Attack ads run rampant in local elections

They say politics is a blood sport. Silicon Valley’s 2018 midterm election, featuring a handful of competitive city and county legislative races, was no exception.

A slew of opposition ads and smear tactics shadowed several Bay Area candidates running for public office this year — including ads bankrolled by a new committee helmed by the CEO of a powerful business group and another ad that spurred public fallout.

Flipping the bird?

San Jose City Council District 9 candidate Kalen Gallagher was hit with the most talked about mailer this election cycle, funded by the Silicon Valley Organization (formerly San Jose’s chamber of commerce).

The piece used an image lifted from Gallagher’s Instagram account that showed him pointing to an “I voted” sticker on his shirt — but it was altered to look like he was flipping off the camera. The “I voted” sticker was removed in the mailer image.

The SVO faced immediate fallout from the ad. Armed Courier Service President Dan L. Connolly resigned as trustee of the group’s PAC and ended his company’s membership with the SVO, citing “the disgraceful and misleading photo-shopped hit piece.

“Although I support another candidate in this race, the SVO Executive Director and Staff crossed an ethical line,” Connolly wrote in his resignation letter.

The SVO did not respond to requests for comment.

Rocha and Ellenberg targeted

Hundreds of thousands of dollars poured into the heated race for the District 4 seat on the Santa Clara County Board of Supervisors, replacing termed-out Supervisor Ken Yeager.

A new campaign committee called Innovation for Everyone, headed by Carl Guardino of the Silicon Valley Leadership Group, spent more than $75,000 by mid-October to support supervisorial candidate Susan Ellenberg, who also was favored by other business interests including the SVO.
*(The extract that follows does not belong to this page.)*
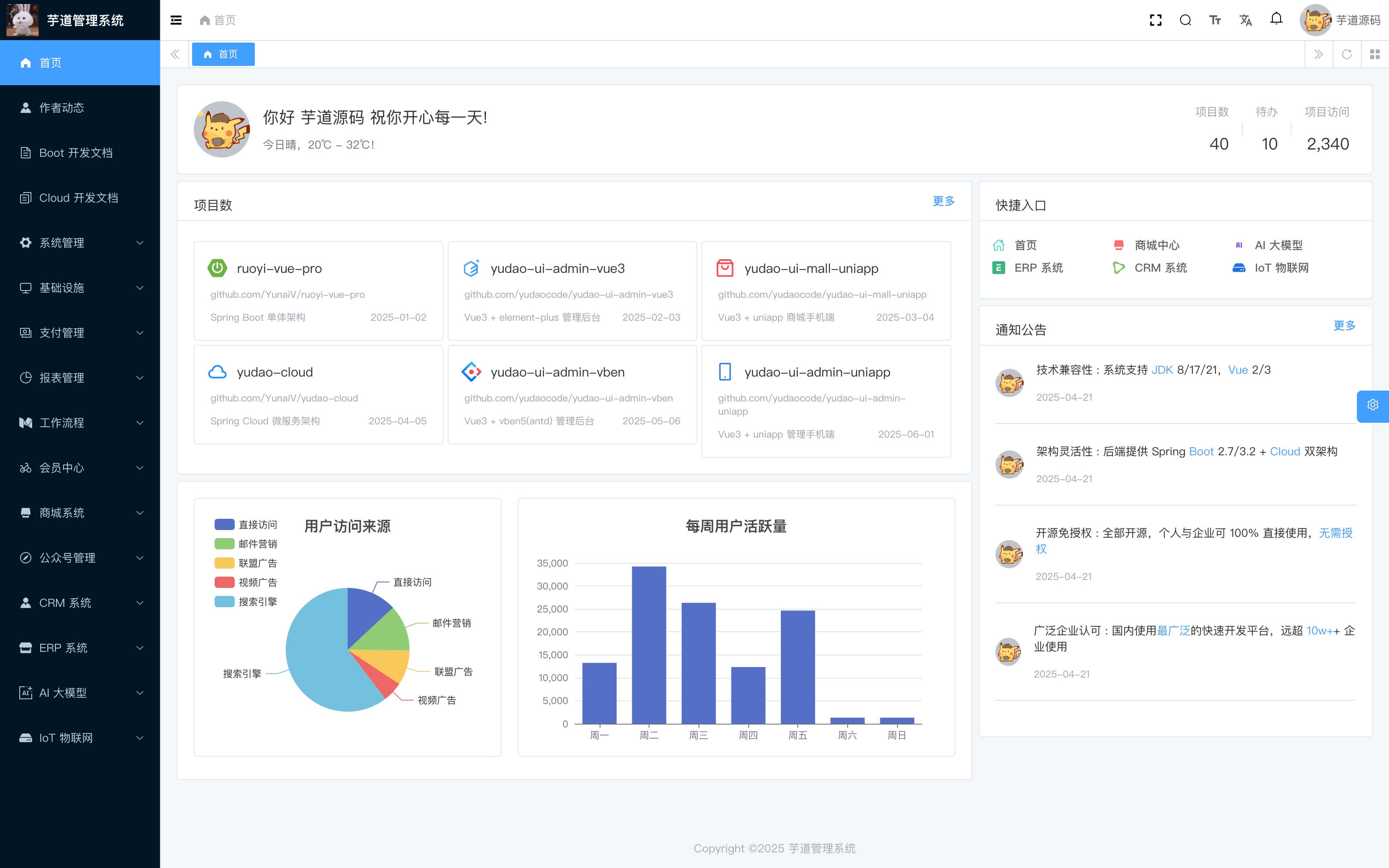 芋道,以开发者为中心,打造中国第一流的快速开发平台,全部开源,个人与企业可 100% 免费使用。

The group sent two mailers opposing Ellenberg’s opponent, San Jose Councilman Don Rocha. One ad criticized Rocha for being “heavily backed by powerful special interests.” However, developers like Blach Construction and Republic Urban donated to Innovation for Everyone, according to campaign finance filings.
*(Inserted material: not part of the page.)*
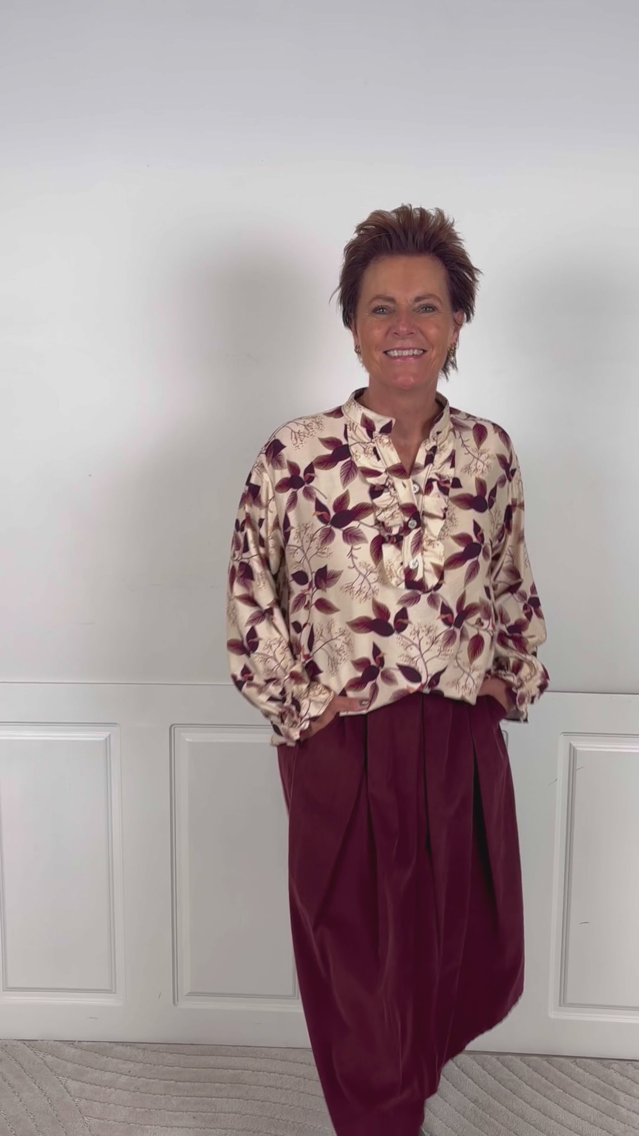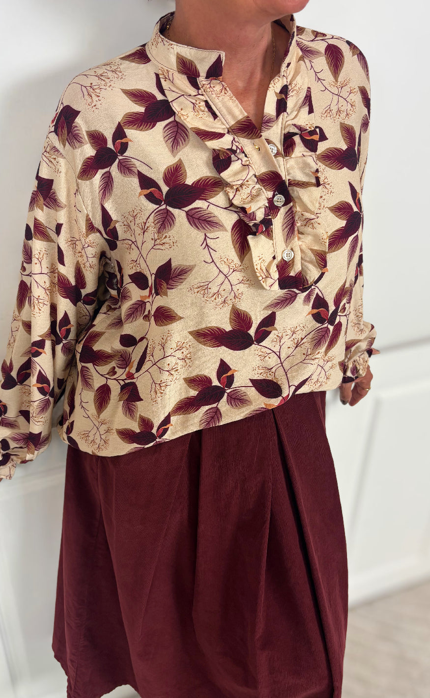 Fin skjortebluse fra Marta Du Chateau i brun, med et sødt print forneden.

Guardino defended the anti-Rocha ads by saying they did not attack — they informed. He added that outside spending to support the councilman was four times more than spending for Ellenberg.

“The anti-Ellenberg mailers were factually and repeatedly inaccurate,” Guardino said in an email. “There is not a single factual inaccuracy in our material.”

 

Rocha was hit again when a blog with a domain similar to his campaign website’s name sprung up. The anonymous blog posted details about Rocha’s divorce from years ago. The councilman initially accused Ellenberg of putting up the website, which she denied.

Ellenberg, who ultimately won the race by 18 percentage points, also faced her share of attacks.

The San Jose Police Officers Association PAC targeted Ellenberg in a flyer that declared, “She’s not on our side” and is “beholden to the special interests funding her campaign.”

Ellenberg, who’s lived in San Jose for several decades, denounced the ad for its use of language that “suggests that people who were not born in this community…are not an integral part.”

Ellenberg was the subject of another opposition mailer several days before Election Day sent by the Working for a Better Community, a labor-aligned PAC supporting Rocha’s run.

The ad showed a fake check from Jed York of the 49ers to Ellenberg for $25,000. The 49ers did not donate to Ellenberg’s campaign, but contributed $25,000 to Guardino’s Innovation for Everyone committee, which spent thousands of dollars campaigning for her.

Deception by business group

Nonprofits aren’t supposed to endorse candidates running for office.

That’s why Sacred Heart Community Service Executive Director Poncho Guevara was “incensed” to see his name linked to an endorsement mailer for San Jose Councilman Tam Nguyen, who narrowly lost his re-election bid.

The mailer was funded by Business San Jose Chamber PAC. Guevara took to his blog to set the record straight.

“I DID NOT, and I WOULD NOT endorse him under ANY circumstances,” he wrote. “The Business San Jose Chamber PAC is either massively deceptive, or unbelievably stupid, to suggest that Sacred Heart would endorse Mr. Nguyen’s or anyone’s candidacy for election.”

Guevara also accused Nguyen’s campaign of sending a mailer using an unauthorized quote during the primary election. Nguyen apologized after he was confronted, Guevara said, but continued using the quote in subsequent mailers.